_Collection entries_
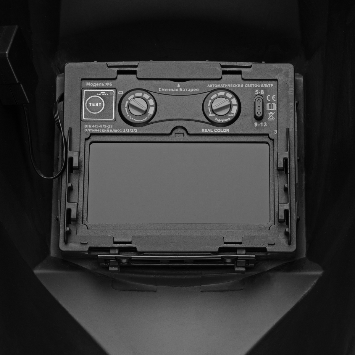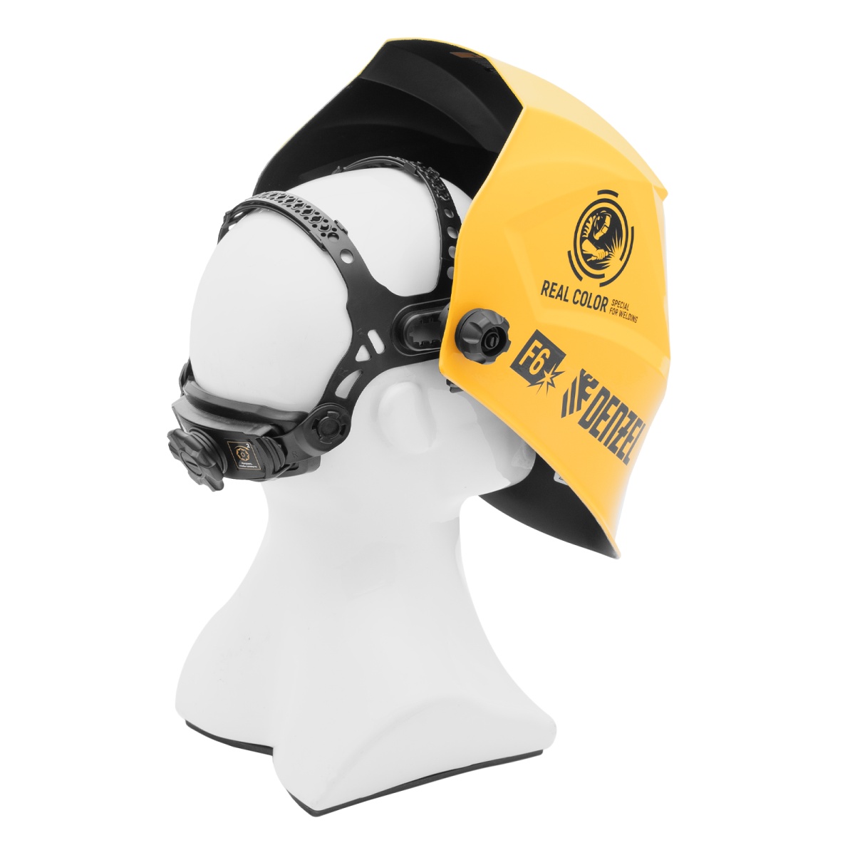 Наличие клапана для сброса давления Щиток защитный лицевой (маска сварщика) F6, см. окно 93х43, Real Color, DIN4/5-8/9-13// Denzel
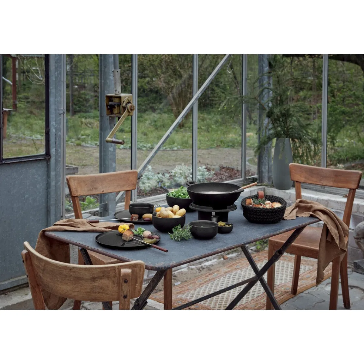 Der Fondueteller Coppa Kuro von eignet sich mit seinen Unterteilungen für Fondueabende, Grillpartys oder Antipasti-Vorspeisen. Mit seinem mattierten Look und seinen einzigartigen Facetten wirkt der Teller auf der Tafel einladend und verführerisch. Die Mattierung des Porzellans kann durch die Nutzung von Besteck zarte silberne Spuren erhalten. Genießen Sie die Gemeinschaft bei einem guten Essen mit diesem Geschirrstück.
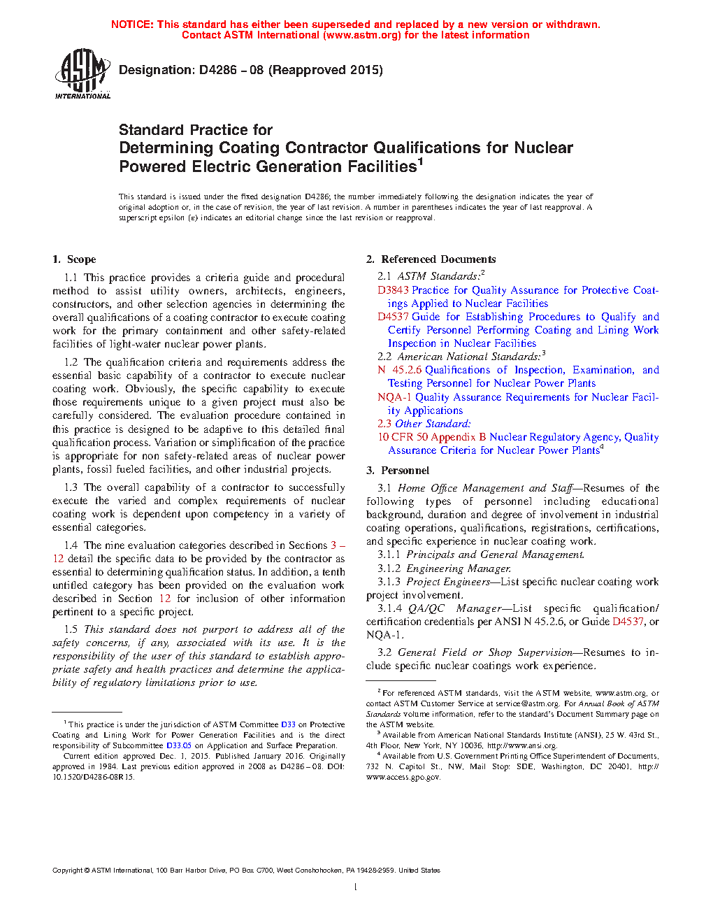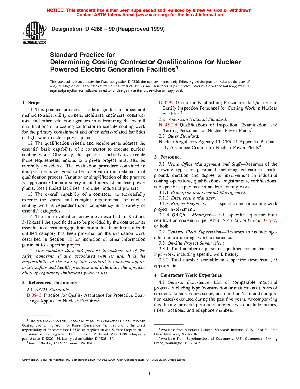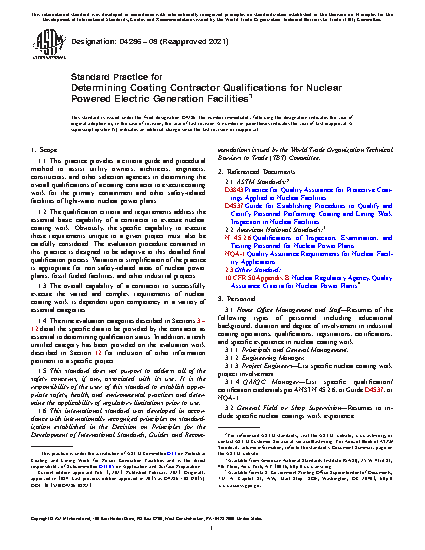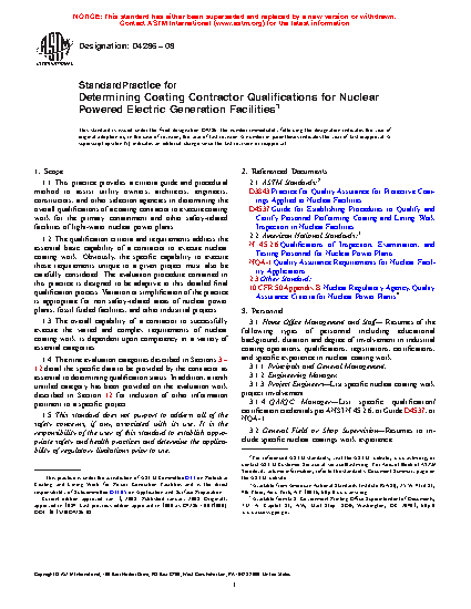 1.2 The qualification criteria and requirements address the essential basic capability of a contractor to execute nuclear coating work. Obviously, the specific capability to execute those requirements unique to a given project must also be carefully considered. The evaluation procedure contained in this practice is designed to be adaptive to this detailed final qualification process. Variation or simplification of the practice is appropriate for non safety-related areas of nuclear power plants, fossil fueled facilities, and other industrial projects.
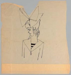 Cocteau (Jean). Marie Chabelska dans la petite Fille américaine de "Parade". Dessin original à l'encre, sur calque, exécuté en 1917; 30 x 32 cm; découpage dans le haut et fente.
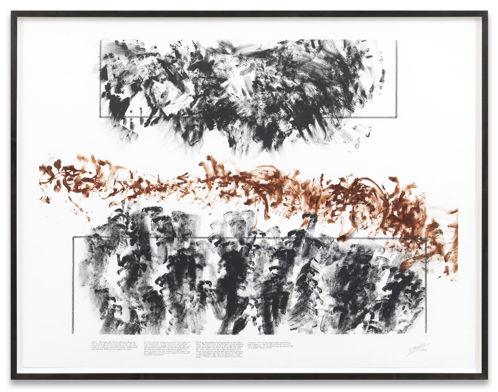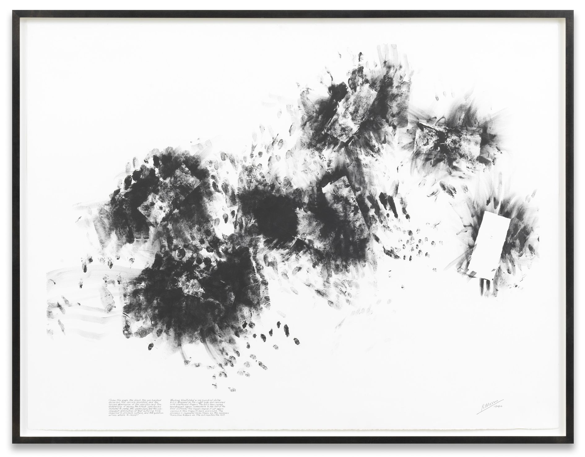 In the first instance the titles describe the way in which the drawings were made: with closed eyes. Through the use of a mixture of graphite or powdered pigments and oil, Morris left traces of his fingers and hands on the paper. Bringing these works close to the genre of the ‘task performance’, each drawing was based on an assignment of tasks which were previously defined and written out at the bottom of the sheet afterwards.
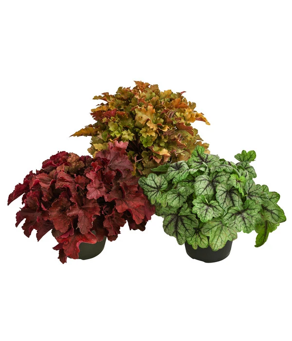 Je 1 x Heuchera ‘Boysenberry‘, Heuchera ‘Green Spice‘, Heuchera ‘Marmalada‘
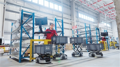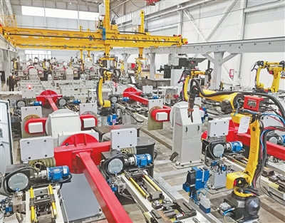 正在广东佛山市一园区内!机械人正正在焊接马鞍形钢管构件。“靠智能耕田”从愿景走进现实。小伴侣利用AI晨检机械人进行身体查抄。机械人新耕具、新农机,为园区员工供给办事。
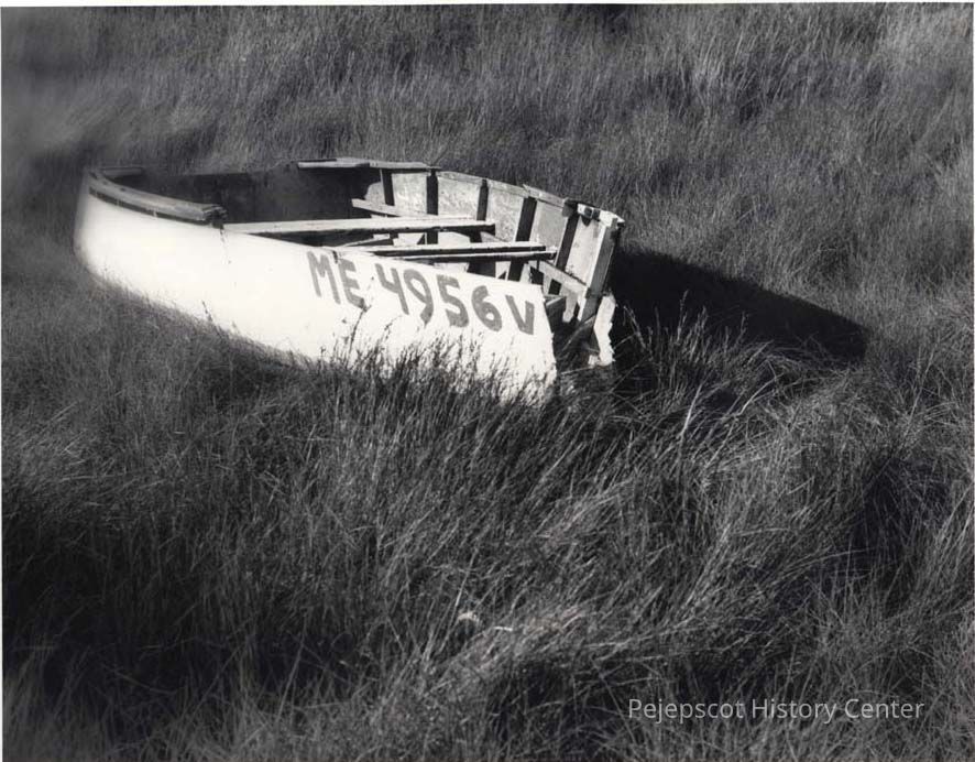A photo of an abandoned boat at the Town Landing, Maquoit. Undated
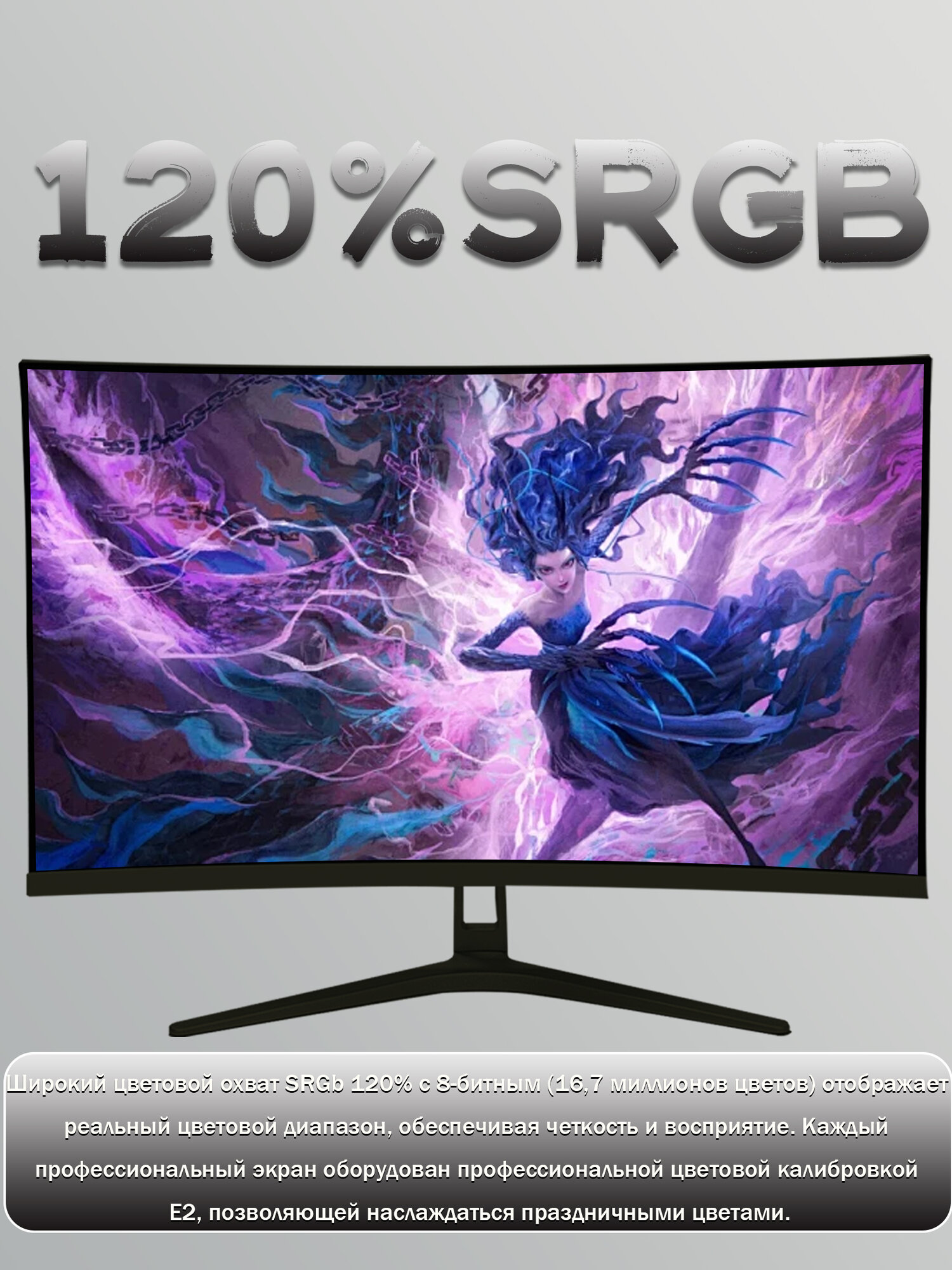 24-дюймовый Монитор без рамок, изогнутый дисплей, 1K100 Гц, чёрный
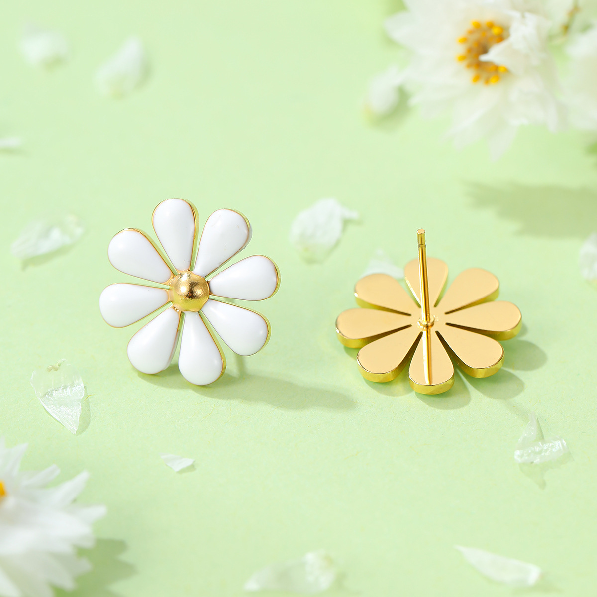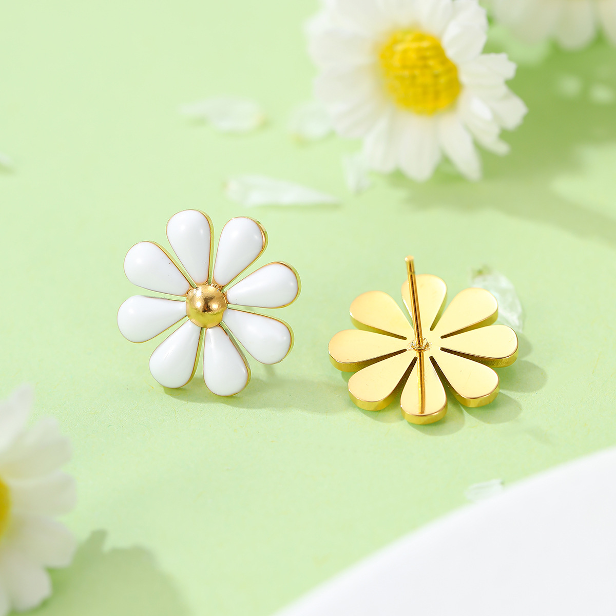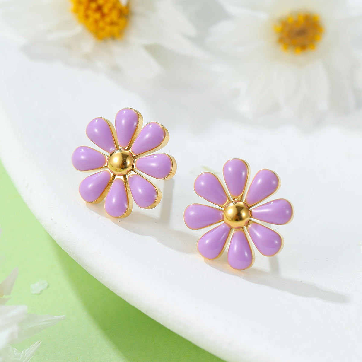 Summer Fresh Little Daisy Drop Oil Titanium Steel Earrings Women Stainless Steel Studs Accessories
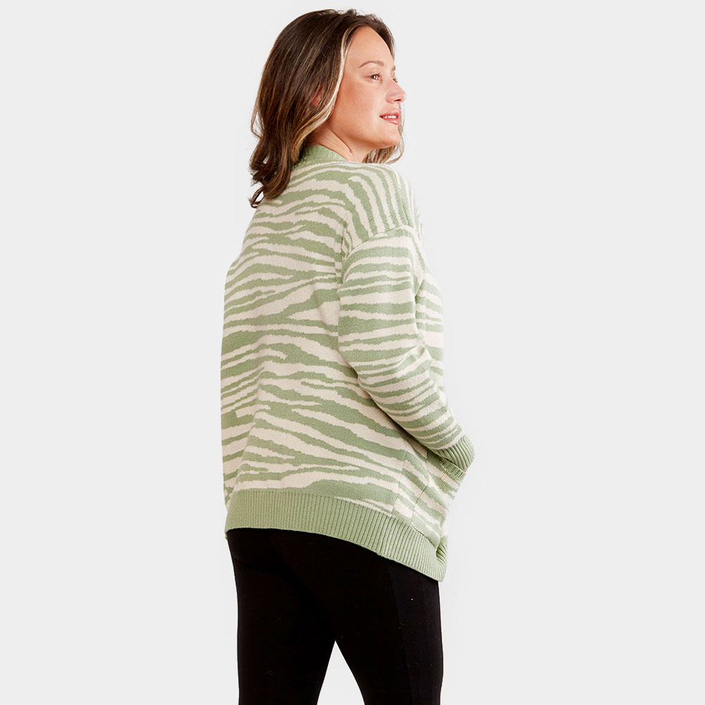 Zebra Pattern In Front Button Closure Pocket Cardigan

_WORK ORDER_
Once the line holding "In the first" is found, copy it and each later line exactly through the end of the data, leaving out the pictures.

_EXPECTED ANSWER_
 In the first instance the titles describe the way in which the drawings were made: with closed eyes. Through the use of a mixture of graphite or powdered pigments and oil, Morris left traces of his fingers and hands on the paper. Bringing these works close to the genre of the ‘task performance’, each drawing was based on an assignment of tasks which were previously defined and written out at the bottom of the sheet afterwards.
 Je 1 x Heuchera ‘Boysenberry‘, Heuchera ‘Green Spice‘, Heuchera ‘Marmalada‘
 正在广东佛山市一园区内!机械人正正在焊接马鞍形钢管构件。“靠智能耕田”从愿景走进现实。小伴侣利用AI晨检机械人进行身体查抄。机械人新耕具、新农机,为园区员工供给办事。
A photo of an abandoned boat at the Town Landing, Maquoit. Undated
 24-дюймовый Монитор без рамок, изогнутый дисплей, 1K100 Гц, чёрный
 Summer Fresh Little Daisy Drop Oil Titanium Steel Earrings Women Stainless Steel Studs Accessories
 Zebra Pattern In Front Button Closure Pocket Cardigan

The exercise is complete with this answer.